Talk to your friend, or your partner, or your mother, or even a therapist. Sometimes, all we need is an external viewpoint to break the cycle of repetitive thoughts.

6. Engaging in mindful activities

Lastly, participating in activities that require my full attention helps me break the cycle of overthinking.

Whether it’s practicing yoga, going for a walk, or engaging in a hobby, these activities demand focus and keep me engaged in the present, preventing my mind from wandering into the realm of overthinking.

For instance, just yesterday, I took the opportunity to visit our local park, accompanied by my 9-year-old sister. The experience was genuinely rejuvenating. The joyful laughter and screams of the lively children pulled me completely into the moment. It was a much-needed break from overthinking due to work.

They were utterly absorbed in the moment’s joy, unconcerned with the past or future. This experience highlighted the power of engaging fully with our surroundings to break free from the grasp of overthinking.

These were few of the measures that help me deal with overthinking. Managing to overthink is about implementing practical strategies to help steer your thoughts more positively.
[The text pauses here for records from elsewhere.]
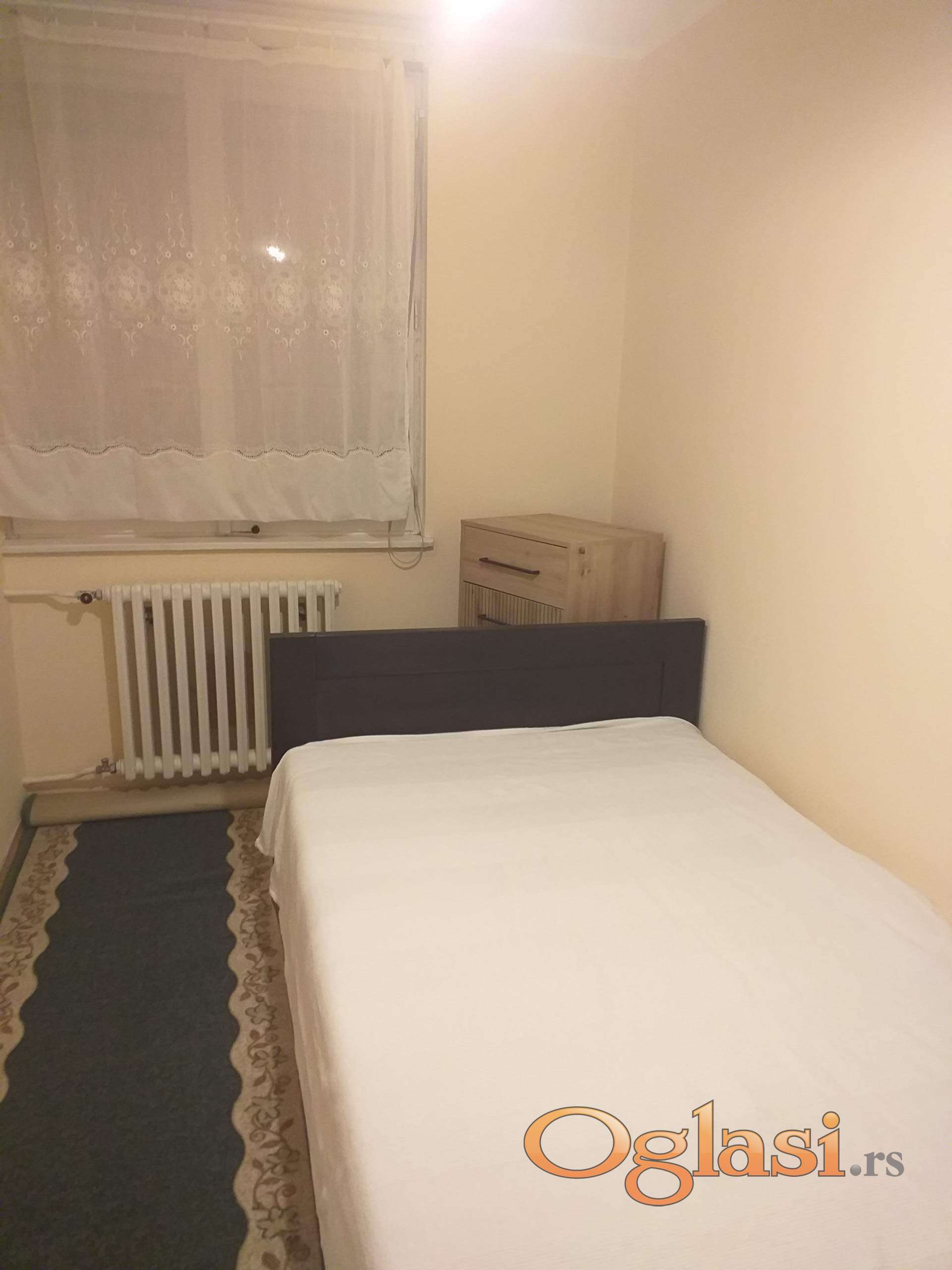Izdajem renoviran dvoiposoban stan, dvostrano orijentisan. Dnevna soba sa ugaonom sofom i pomoćnim ležajem, dve spavaće sobe sa novim krevetima, novo kupatilo, nova kuhinja.
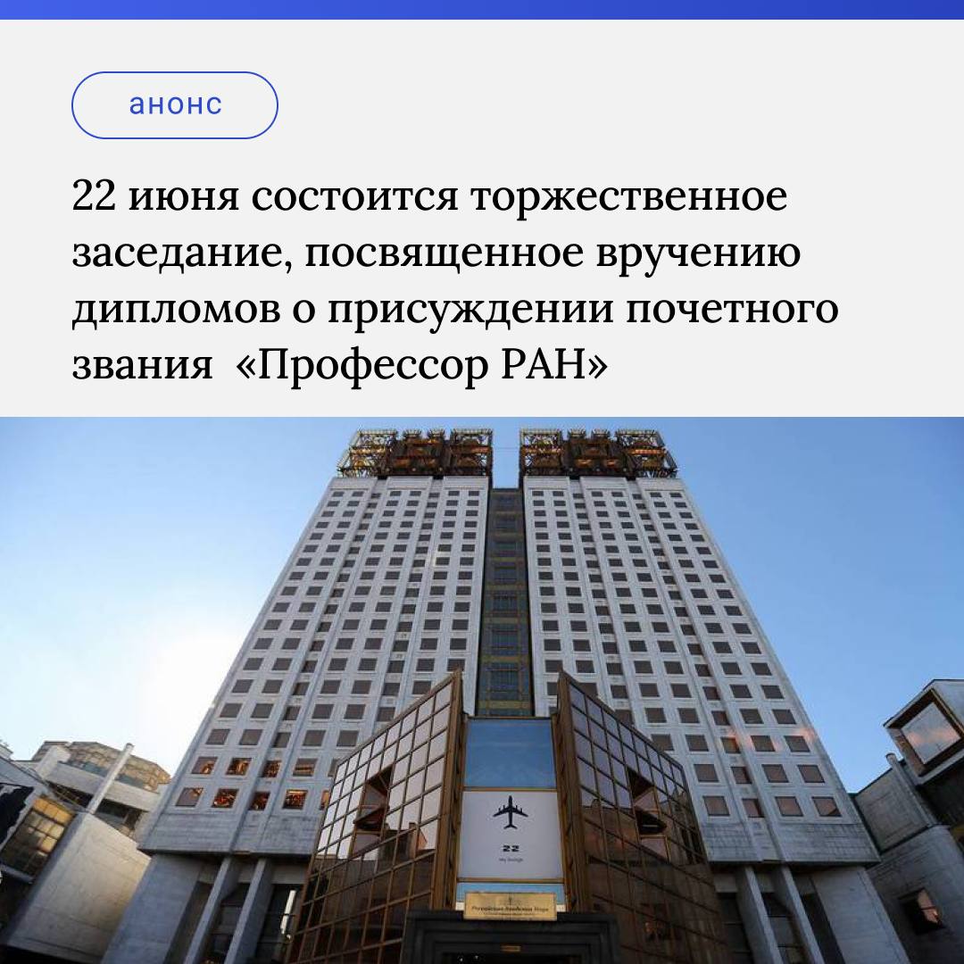 22 июня в 10:00 (мск) в Президентском зале РАН состоится торжественное заседание, посвященное вручению дипломов о присуждении почетного звания «Профессор РАН».
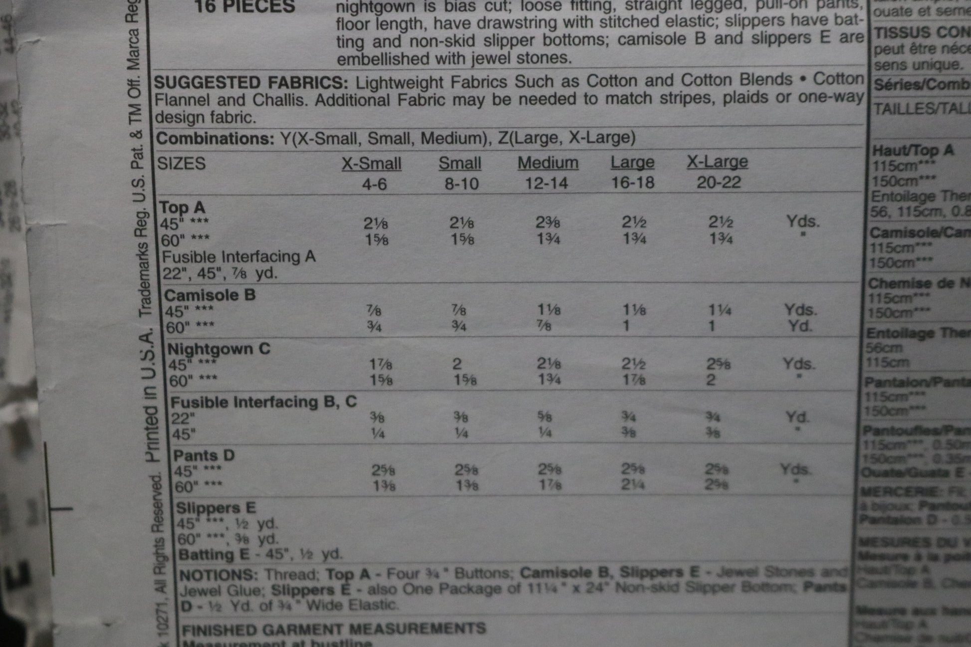 Loose fitting, front button top has facing and hems stitched in place; pullover, fitted camisole or A-line, mid-knee length nightgown is bias cut; loose fitting, straight legged, pull-on pants, floor length, have drawstring with stitched elastic; slippers have batting and non-skid slipper bottoms; camisole B and slippers E are embellished with jewel stones.

It’s crucial to acknowledge that the strategies I’ve shared come from a blend of personal experience and insights gained from various sources, including books and podcasts. Each method represents a tool that has personally helped me navigate the often overwhelming waves of overthinking.

It’s important to remember that the aim is not to avoid negative thoughts entirely but to learn how to deal with them in a healthy way. With practice and patience, it’s possible to gain more control over your thoughts and improve your mental well-being.